Superintendent of Real Estate Extends Early Marketing Periods for Developments under Real Estate Development Marketing Act (British Columbia)

Effective May 1, the Superintendent of Real Estate amended Policy Statements 5 and 6 published pursuant to the Real Estate Development Marketing Act (“REDMA”), which govern key aspects of the marketing of “pre-sale” development units. These amendments (the “Amendments”) extend the early marketing period from nine months to twelve months for developers that have not yet received a building permit or satisfactory financing commitment for their developments.

By way of background, Policy Statements 5 and 6 allow developers to market units for a certain period of time before receiving a “building permit”[1] or “satisfactory financing commitment”[2] for the construction of the development. Policy Statement 5 pertains to building permits, while Policy Statement 6 pertains to satisfactory financing commitments. Prior to April 17, 2020, Policy Statements 5 and 6 created a staggered set of early marketing deadlines:

  1. if the building permit or satisfactory financing commitment was not obtained (and an amendment to the disclosure statement filed to disclose the same) within nine months from the date the original disclosure statement was filed, the developer would be required to cease marketing the development units;[3] and
  2. if the building permit or satisfactory financing commitment was not obtained (and an amendment to the disclosure statement filed to disclose the same) within twelve months from the date the original disclosure statement was filed, purchasers would become entitled to rescind their purchase contracts until those requirements were met.[4]

In order to be permitted to market, developers also had to disclose an estimated date for the receipt of a building permit or satisfactory financing commitment, and that date had to be within nine months of the disclosure statement filing date.[5]

The Amendments extend the nine month deadlines to twelve months, such that all deadlines now occur contemporaneously (i.e., if the developer has not received a building permit and satisfactory financing commitment within twelve months of the disclosure statement filing date, it will be required to cease marketing and purchasers will be entitled to rescind their contracts as of the same date). The Amendments also permit developers to file a disclosure statement if they estimate receiving a building permit or satisfactory financing commitment within twelve months from the date of filing (rather than nine months as was previously the case).

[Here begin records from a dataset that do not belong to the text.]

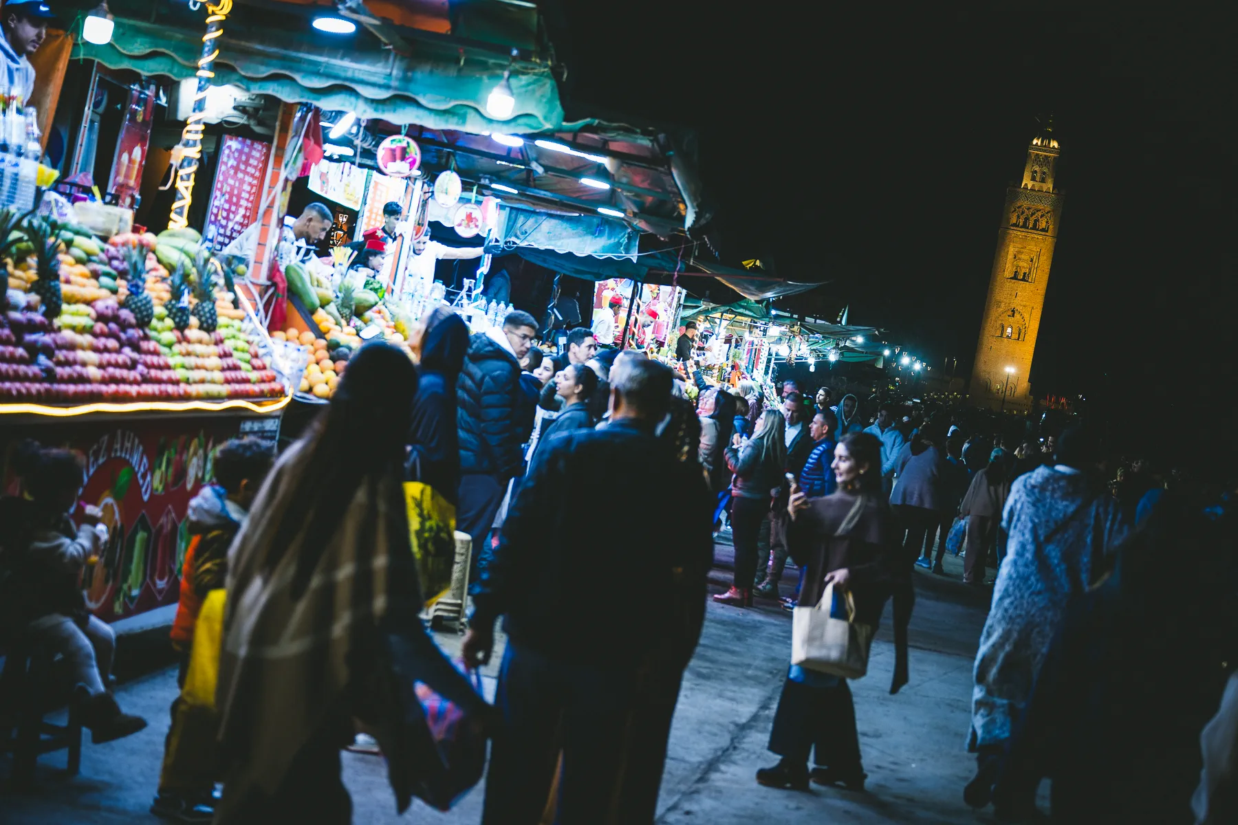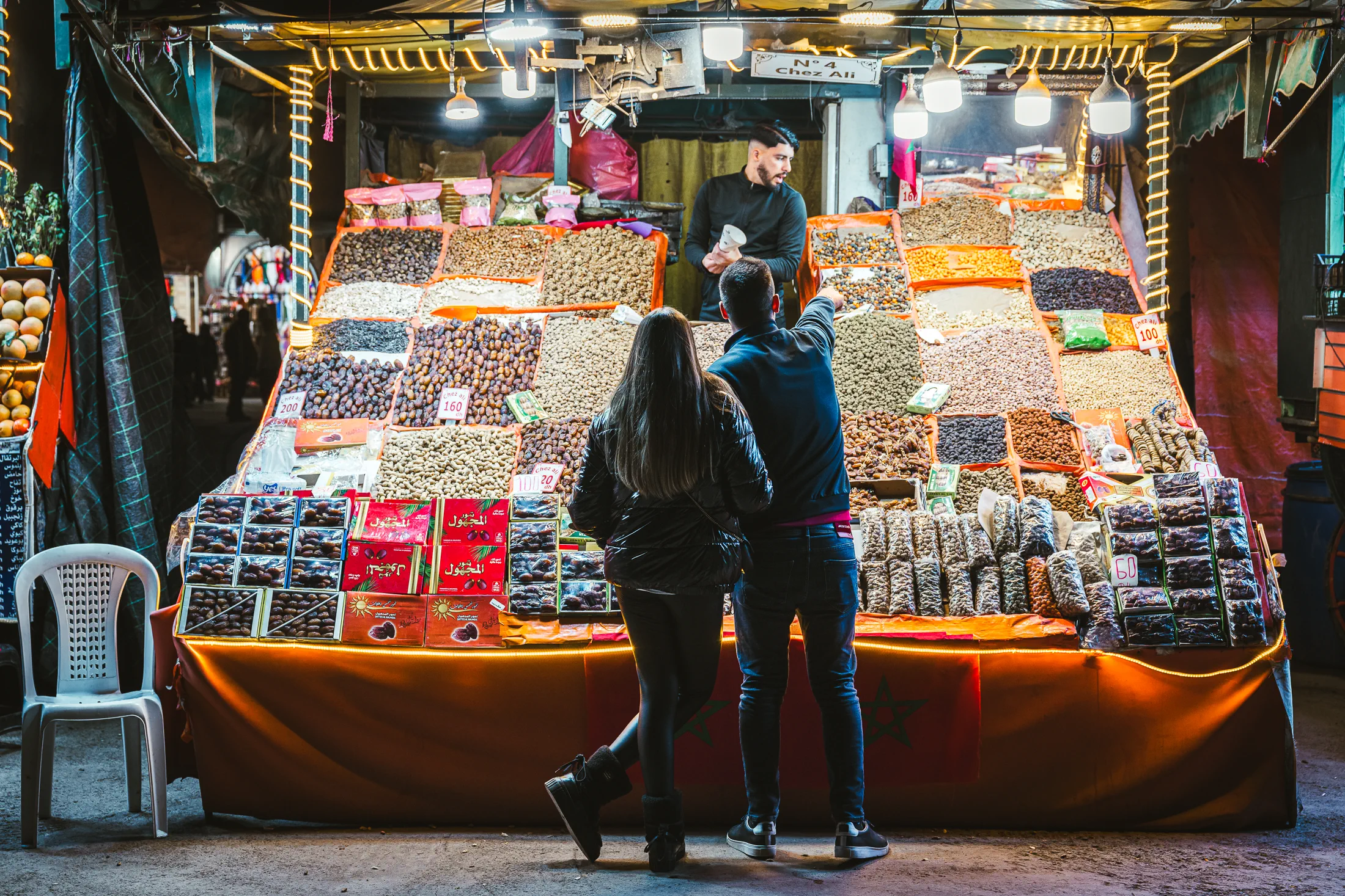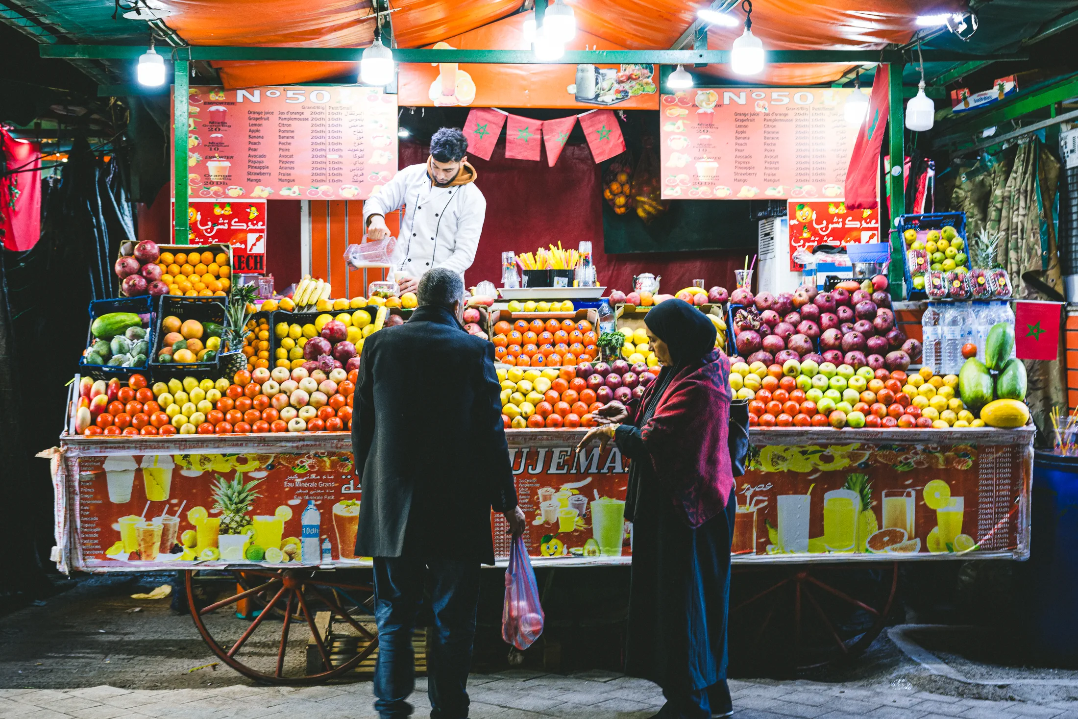 Freshly squeezed, loudly advertised. The food carts in Jemaa el-Fna – the square and marketplace in the medina quarter of the city – offer great eats and great smells, and very enthusiastic pitches of what’s on offer. Samples, even. Juices to dates, seafood to desserts. It’s magic. And that’s just the perimeter.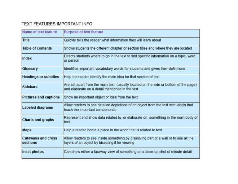 Name of text feature Purpose of text feature
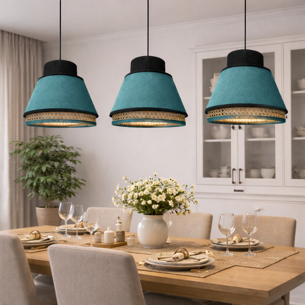 Bring sophistication into your interiors with this Teal Rattan pendant lamp. Designed with bold color Velvet fabric shade enhanced by a handwoven rattan band at the base, adding natural charm to its modern form.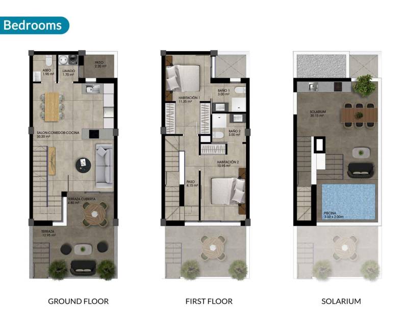 Modern Townhouses in Dolores with comunal pool Contemporary Homes Designed for Comfort and Style Discover this exclusive residential complex of 20 modern townhouses in Dolores, offering a perfect blend of space, style, and high-quality finishes. With up to 133 m² of living space, including expansive terraces, these homes are available in two or three-bedroom layouts, allowing you to choose the design that best suits your lifestyle. Each property spans three floors, including a private solarium, providing breathtaking open views and an ideal space for relaxation. The interiors feature integrated LED lighting, contemporary finishes, and an open-concept layout that enhances natural light. Premium Features & Optional Upgrades Spacious and bright interiors with high-quality finishes Three floors, including a rooftop solarium Community swimming pool, perfect for relaxation Optional private jacuzzi or rooftop pool (with extra cost) Private parking space for each home Modern kitchens and bathrooms designed for functionality and elegance Prime Location – A Tranquil Setting with Excellent Connectivity Located in Dolores, a charming town in the Vega Baja region of Alicante, this development offers the perfect balance of peaceful living and easy access to essential services. The area is known for its beautiful natural surroundings, agricultural landscapes, and relaxed atmosphere. Distances to Key Points of Interest: Beaches of La Marina & Guardamar del Segura – 10 km (10 minutes) Alicante Airport – 30 km (25 minutes) Murcia-Corvera Airport – 60 km (45 minutes) Golf courses – 10 km (10 minutes) Shopping centers (La Zenia Boulevard, Habaneras) – 12 km (15 minutes) A Perfect Home on the Costa Blanca These modern townhouses in Dolores offer the ideal combination of tranquility, modern living, and proximity to key destinations. Whether you're looking for a holiday home or a permanent residence, this development provides a comfortable and stylish lifestyle in a privileged location. Don’t miss out! Contact us today for more information or to schedule a visit.

The other provisions of Policy Statements 5 and 6 remain in effect and are unchanged by the Amendments.

The Amendments make permanent the temporary amendments implemented last year by Policy Statement 17 whereby the nine month deadline was extended to twelve months to provide developers with greater marketing flexibility to combat financing and permitting delays resulting from the COVID-19 pandemic. Those temporary amendments were scheduled to expire on April 30, 2021. Developers who filed disclosure statements under Policy Statement 5 and/or Policy Statement 6 from April 17, 2020 through April 30, 2021 will still be governed by Policy Statement 17. The Amendments will apply to developers who file disclosure statements under REDMA from May 1, 2021 onwards.

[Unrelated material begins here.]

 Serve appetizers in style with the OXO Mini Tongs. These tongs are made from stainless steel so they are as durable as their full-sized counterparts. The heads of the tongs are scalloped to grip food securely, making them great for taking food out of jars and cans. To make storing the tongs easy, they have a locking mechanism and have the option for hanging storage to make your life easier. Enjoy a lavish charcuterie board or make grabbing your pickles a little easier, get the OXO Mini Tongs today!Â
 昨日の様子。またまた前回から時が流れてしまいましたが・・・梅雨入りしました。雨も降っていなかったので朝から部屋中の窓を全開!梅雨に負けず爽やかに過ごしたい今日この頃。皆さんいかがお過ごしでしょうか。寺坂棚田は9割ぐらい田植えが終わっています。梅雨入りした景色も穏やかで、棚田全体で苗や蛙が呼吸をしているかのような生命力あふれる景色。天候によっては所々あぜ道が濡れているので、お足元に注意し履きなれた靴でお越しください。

The Amendments respond to difficulties faced by developers in securing building permits and financing commitments within the initial nine-month period following the filing of a disclosure statement. The Superintendent of Real Estate recently acknowledged that building permitting is becoming more complex and that financing requirements have become more onerous, with lenders requiring developers to demonstrate higher numbers of “pre-sales” as a condition of receiving financing. By extending the nine month deadlines to twelve months, the Amendments aim to mitigate these difficulties.

 

[1] A “building permit” is defined in Policy Statement 5 as “one of multiple or staged building permits issued by an approving authority, where required, provided that each of the further required building permits to complete construction of the development property is promptly applied for, and promptly paid for”.

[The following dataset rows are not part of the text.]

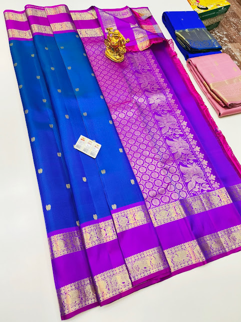 Trendy Design Pure Kanjivaram Fancy Silk Saree Ink Blue Color w/ Blouse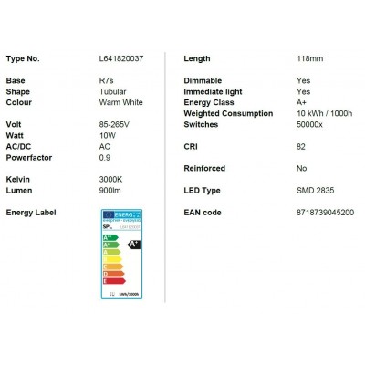 LED R7s Ø25x118mm 900Lm 10W 3000K 830 360° AC 85-265V čirá stmívatelná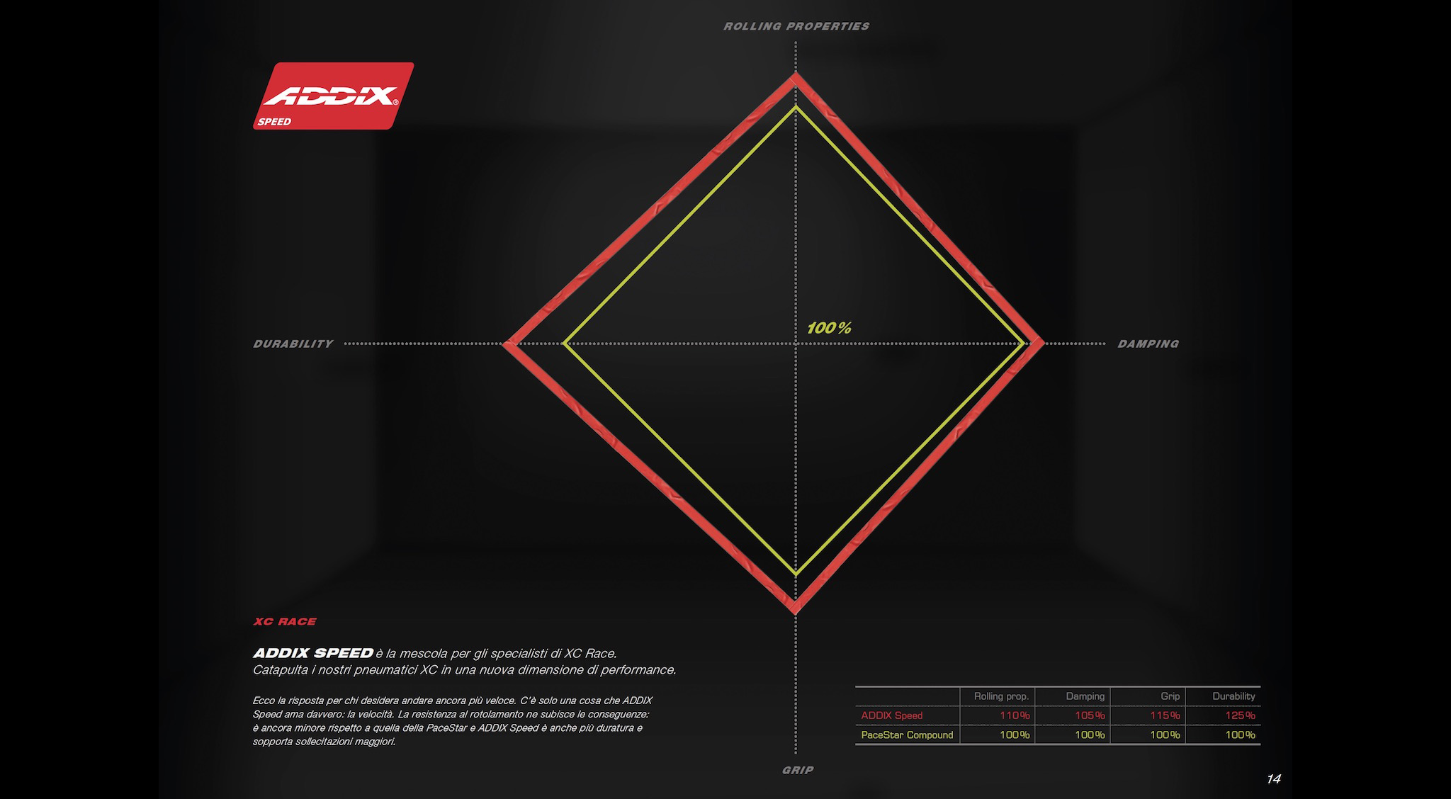 Ce premier essai concerne le Nobby Nic, dans les sections 2.60 et 2.80. Nos confrères ont noté un grip de grande qualité en version Speedgrip. Ils ont aussi apprécié le comportement du pneu et sa déformation « maîtrisée ». Sans parler d’une révolution, l’avantage par rapport à la gomme Pacestar semble clair. Le pneu donne davantage confiance, même sur roches humides. En terrain sec, les testeurs se sont régalés avec ces modèles à grand volume, ne touchant les freins qu’au dernier moment avant les virages. On peut imaginer que les versions Soft et Ultrasoft vont littéralement coller le vélo au sol ! La gomme Addix et ses quatre variations sont attendues dans les magasins pour début juin.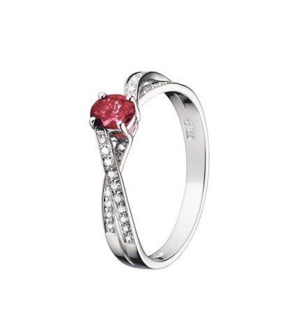 Anello oro bianco 18kt con diamanti e rubino ovale Collezione Bl emma Natura Design elegance Caratura 0.13 Colore Diamante H Caratura colore 0.38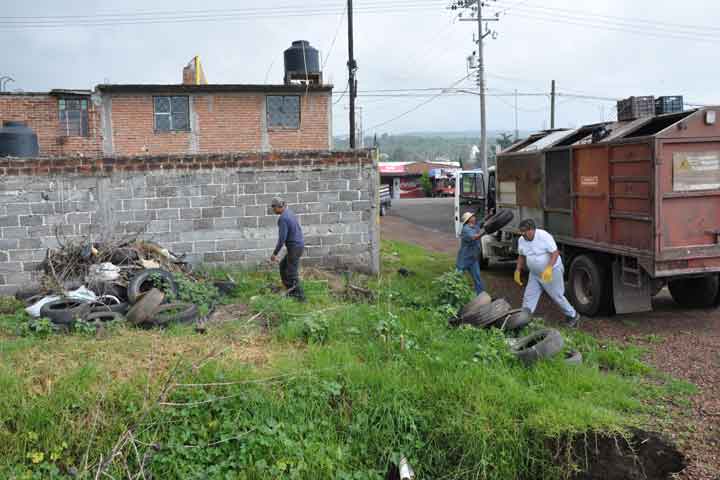 Alrededor de 250 llantas y más de una tonelada de basura, fueron recogidas de tiraderos clandestinos en la tenencia de Tiripetio, personal de la Dirección de Aseo Público, realizó tal acción como parte del programa Mano Dura Contra la Basura.

[2] A “satisfactory financing commitment” is defined in Policy Statement 6 as any of: (i) a funding commitment from a lender not conditional on a developer entering into a requisite number of purchase contracts, (ii) a conditional financing commitment whose conditions are satisfied, and/or (iii) available funds from the developer itself, which are, alone or in combination, sufficient to finance the construction and completion of the development property.

[3] See amended Policy Statement 5 at s. 6(b)(ii) (building permits) and amended Policy Statement 6 at s. 5(b)(ii) (satisfactory financing commitments), which extend this period from nine to twelve months.

[4] See amended Policy Statement 5 at s. 6(c)(ii) (building permits) and amended Policy Statement 6 at s. 5(c)(i) (satisfactory financing commitments). These termination rights are unchanged by the Amendments.

[5] See amended Policy Statement 5 at s. 6(a) (building permits) and amended Policy Statement 6 at 5(a) (satisfactory financing commitments).